When we process the test_df using TextClasDataBunch, the test_lbl.npy is not saved, i.e. the labels are saved only for the train and valid set, see:
When we then call: y_pred, y_true = classifier_learner.get_preds(ds_type = DatasetType.Test, with_loss=False), how this function can get the true labels? I think there might be a bug here, cause in the end, I get horrible results, especially on the test set (even though my data is quite clean atm):
What is the correct way of getting predictions on the test set? I was thinking about manually ingesting my labels from test_df, but I am concerned about the order. I share my full notebook below.
The test set in fastai is unlabelled, it’s there to quickly get the predictions on a lot of unlabelled data. If you want to validate on a second set, you should create a second data object, as documented here.
thank you. How can I apply this to from_df? the example is for folders.
like this: data_classifier.add_test(items = test_df)?
"if you want to use a test dataset with labels, you probably need to use it as a validation set" --> but then doesn’t it defeat the purpose of the test set? cause then the test set would “leak” into the validation set.
thank you. What does the function learner.get_preds(DatasetType.Test) return? It should return predictions and true labels. What does it return as true values then, if no labels are saved for the test set? Does it return correct labels of the test set?
I am following up on this topic.

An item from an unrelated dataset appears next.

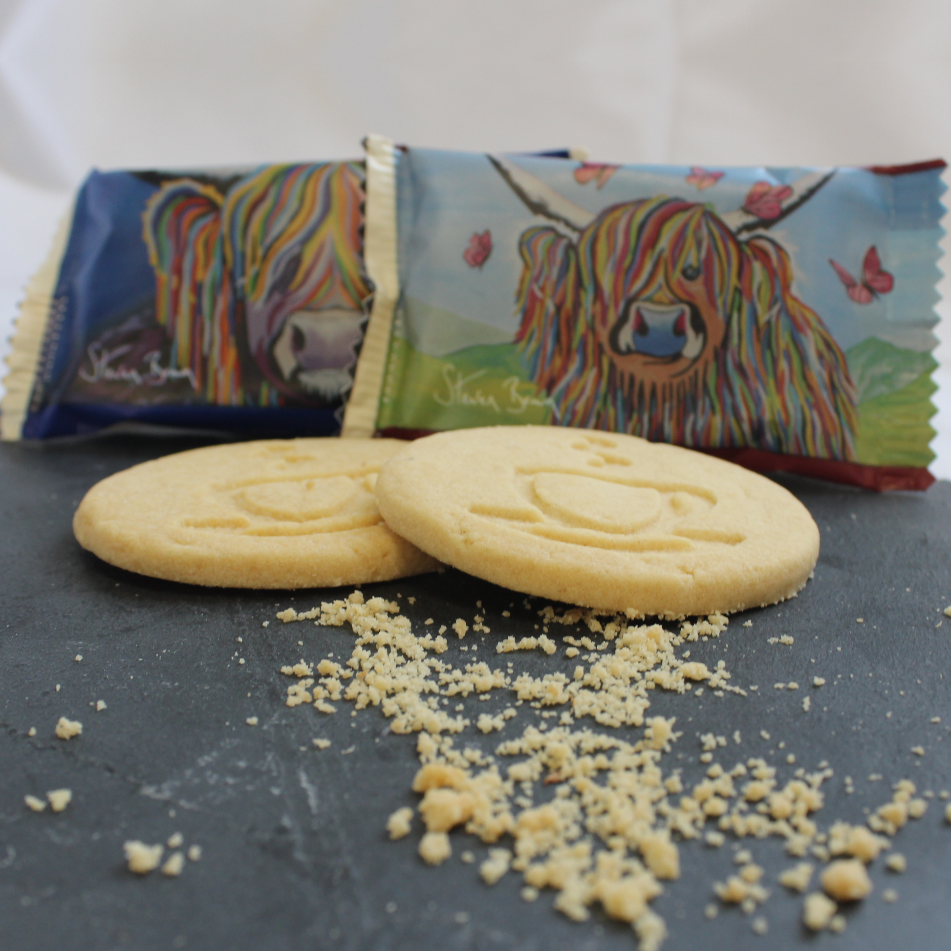 Included in the gift hamper, is a taste of Scotland; Gardiner's Traditional Handmade Tablet, Macaroon, Chocolate Covered Honeycomb, and Dean's all butter shortbread rounds presented in a stunning Steven Brown art-designed packet featuring his famous McCoo's.

When I used the method learner.get_preds(DatasetType.Test, ordered=True), I got really bad AUC score, although if I passed that “Test” set as the validation set, then I got really high AUC score, so somethings must be wrong.
One potential solution is to pass int Test set as validation set, but then I would have to train the model every time to get the predictions from learn.get_preds(ds_type=DatasetType.Valid). What if I have a complete new dataset and want to get the predictions from the trained learner?
learner.get_preds(DatasetType.Test, ordered=True) is exactly the command to get the predictions on a trained learner. I don’t know how you can have different predictions for this or when you put it as the validation set.